# Homogeneous Differential Equations

## Homogeneous Differential Equations

A differential equation of the form $$\frac{dy}{dx}=\frac{{{f}_{1}}\left( x,\,y \right)}{{{f}_{2}}\left( x,\,y \right)}$$, where f₁ (x, y) and f₂ (x, y) are homogeneous functions of x and y of the same degree, is called a homogeneous equation.

For solving such equations, put y = υx and $$\frac{dy}{dx}=\upsilon +x\frac{d\upsilon }{dx}$$,

These substitutions transform the given equation into an equation of the form $$\upsilon +x\frac{d\upsilon }{dx}=f\left( \upsilon \right)$$,

i.e., $$x\frac{d\upsilon }{dx}=f\left( \upsilon \right)-\upsilon$$,

The variables are now separable. Separating the variables and integrating, we get $$\int{\frac{d\upsilon }{f\left( \upsilon \right)-\upsilon }}=\log x+C$$,

Where C is an arbitrary constant.

Now, replacing r by (y/ x) a factor integration, we get the required solution.

Example: Find the solution of the differential equation (x – y) dy – (x + y) dx = 0.

Solution: Given, (x – y) dy – (x + y) dx = 0

(x – y) dy = (x + y) dx

$$\frac{dy}{dx}=\frac{x+y}{x-y}$$ … (i)

Thus, the given differential equation is homogeneous.

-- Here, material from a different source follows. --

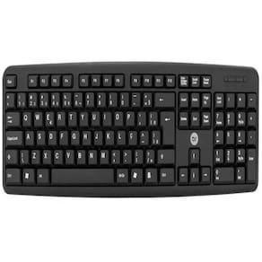 Possui 107 teclas alfanuméricas e de funções, incluíndo "Ç" e "Alt Gr"

So, put y = υx ⇒ $$\frac{dy}{dx}=v+x\frac{dv}{dx}$$,

On putting values of dy/ dx and y in Eq. (i), we get

$$v+x\frac{dv}{dx}=\frac{x+vx}{x-vx}\Rightarrow v+x\frac{dv}{dx}=\frac{1+v}{1-v}$$,

$$x\frac{dv}{dx}=\frac{1+v}{1-v}-v\Rightarrow x\frac{dv}{dx}=\frac{1+v-v+{{v}^{2}}}{1-v}$$,

$$\frac{1-v}{1+{{v}^{2}}}dv=\frac{dx}{x}$$,

On integrating both sides, we get

$$\int{\frac{1-v}{1+{{v}^{2}}}}\,dv=\int{\frac{dx}{x}\Rightarrow\int{\frac{1}{1+{{v}^{2}}}dv}-\int{\frac{v}{1+{{v}^{2}}}dx}=\log |x|+C}$$,

Let 1 + v² = t ⇒ $$2v=\frac{dt}{dv}\Rightarrow dv=\frac{dt}{2v}$$,

∴ $${{\tan }^{-1}}v-\int{\frac{v}{t}}\times \frac{dt}{2v}=\log |x|+C$$,

tan⁻¹ v = ½ log |t| = log |x| + C

2 tan⁻¹ v – [log (1 + v²) + 2 log x] = 2 C [put t = 1 + v²]

2 tan⁻¹ v – log [(1 + v²) x²] = 2C

$$2{{\tan }^{-1}}\frac{y}{x}-\log \left[ \left( \frac{{{x}^{2}}+{{y}^{2}}}{{{x}^{2}}} \right){{x}^{2}} \right]=2C$$ (Put v = y/ x)

2 tan⁻¹ (y/ x) – log (x² + y²) = 2 C

tan⁻¹ (y/ x) – ½ log (x² + y²) = C

This is the required solution of the given differential equation.